ABOUT THIS TASK — Which lines below fall between the one containing "宁夏大法弟子家人恭祝李大师过年好! 感恩李大师大法洪传, 感恩真善忍沐浴穹苍, 众生得福泽幸福安康, 恭祝李大师过年好。" and the one containing "活动前,工作人员带领教职工和"? Repeat them exactly, counting both of those lines, and add nothing else.

··· SOURCE MATERIAL ···

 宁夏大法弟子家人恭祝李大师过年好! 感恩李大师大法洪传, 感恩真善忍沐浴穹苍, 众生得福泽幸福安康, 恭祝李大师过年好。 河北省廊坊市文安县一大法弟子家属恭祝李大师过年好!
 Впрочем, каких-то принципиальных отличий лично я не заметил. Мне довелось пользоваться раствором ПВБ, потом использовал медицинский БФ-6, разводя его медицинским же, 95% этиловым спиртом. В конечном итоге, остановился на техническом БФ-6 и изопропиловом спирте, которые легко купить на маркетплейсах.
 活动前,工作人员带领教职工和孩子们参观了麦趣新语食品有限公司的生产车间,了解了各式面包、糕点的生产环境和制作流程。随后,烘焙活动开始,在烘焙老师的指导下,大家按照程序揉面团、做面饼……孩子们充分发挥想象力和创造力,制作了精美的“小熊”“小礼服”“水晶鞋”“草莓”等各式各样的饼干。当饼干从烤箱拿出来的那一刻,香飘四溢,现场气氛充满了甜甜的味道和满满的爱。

···
··· SOURCE MATERIAL ···

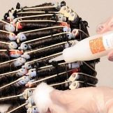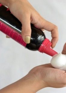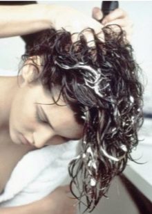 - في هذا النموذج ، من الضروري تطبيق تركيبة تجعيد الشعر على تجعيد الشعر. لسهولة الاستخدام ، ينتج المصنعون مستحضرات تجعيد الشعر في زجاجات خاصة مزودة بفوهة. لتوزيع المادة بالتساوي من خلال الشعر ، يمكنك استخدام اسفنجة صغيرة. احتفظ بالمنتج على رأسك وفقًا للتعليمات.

···
··· SOURCE MATERIAL ···

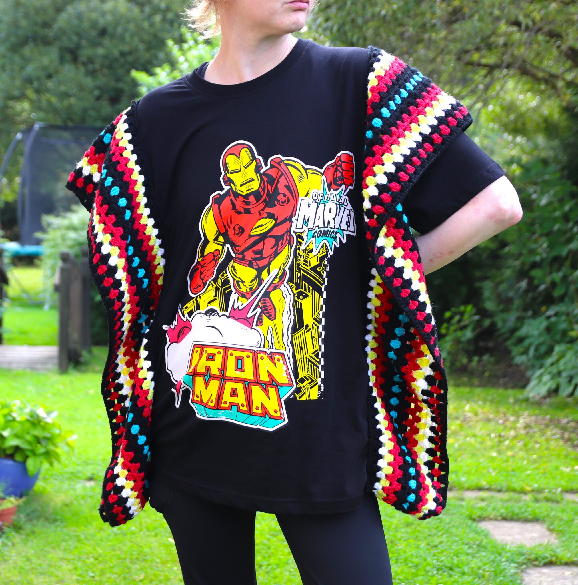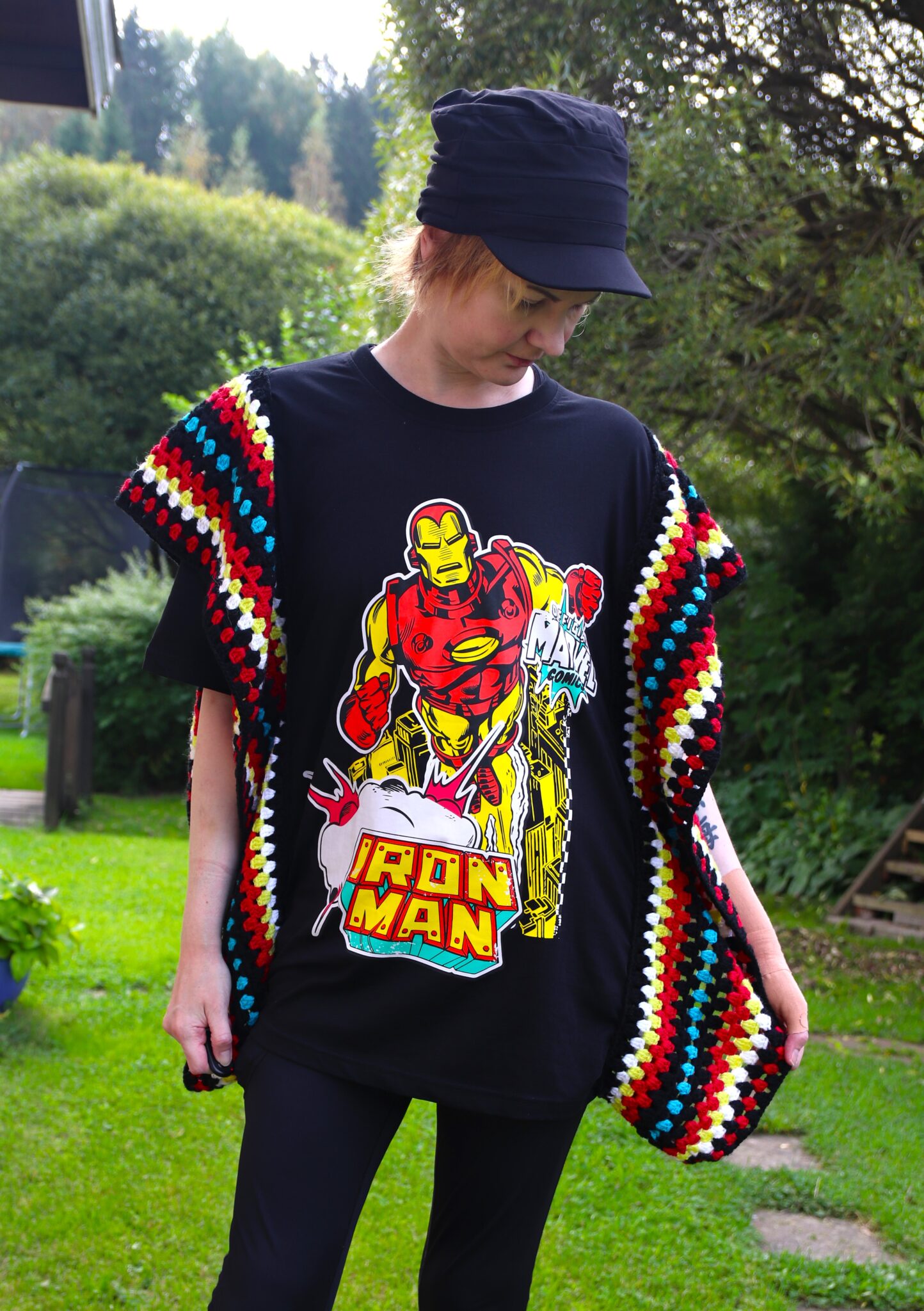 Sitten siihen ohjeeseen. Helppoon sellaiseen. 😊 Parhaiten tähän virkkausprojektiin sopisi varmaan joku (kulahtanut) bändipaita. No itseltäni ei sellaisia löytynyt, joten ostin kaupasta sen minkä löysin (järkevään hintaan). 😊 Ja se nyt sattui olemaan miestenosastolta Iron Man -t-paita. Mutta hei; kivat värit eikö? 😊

···

SOLUTION FOR THIS PROBLEM —
 宁夏大法弟子家人恭祝李大师过年好! 感恩李大师大法洪传, 感恩真善忍沐浴穹苍, 众生得福泽幸福安康, 恭祝李大师过年好。 河北省廊坊市文安县一大法弟子家属恭祝李大师过年好!
 Впрочем, каких-то принципиальных отличий лично я не заметил. Мне довелось пользоваться раствором ПВБ, потом использовал медицинский БФ-6, разводя его медицинским же, 95% этиловым спиртом. В конечном итоге, остановился на техническом БФ-6 и изопропиловом спирте, которые легко купить на маркетплейсах.
 活动前,工作人员带领教职工和孩子们参观了麦趣新语食品有限公司的生产车间,了解了各式面包、糕点的生产环境和制作流程。随后,烘焙活动开始,在烘焙老师的指导下,大家按照程序揉面团、做面饼……孩子们充分发挥想象力和创造力,制作了精美的“小熊”“小礼服”“水晶鞋”“草莓”等各式各样的饼干。当饼干从烤箱拿出来的那一刻,香飘四溢,现场气氛充满了甜甜的味道和满满的爱。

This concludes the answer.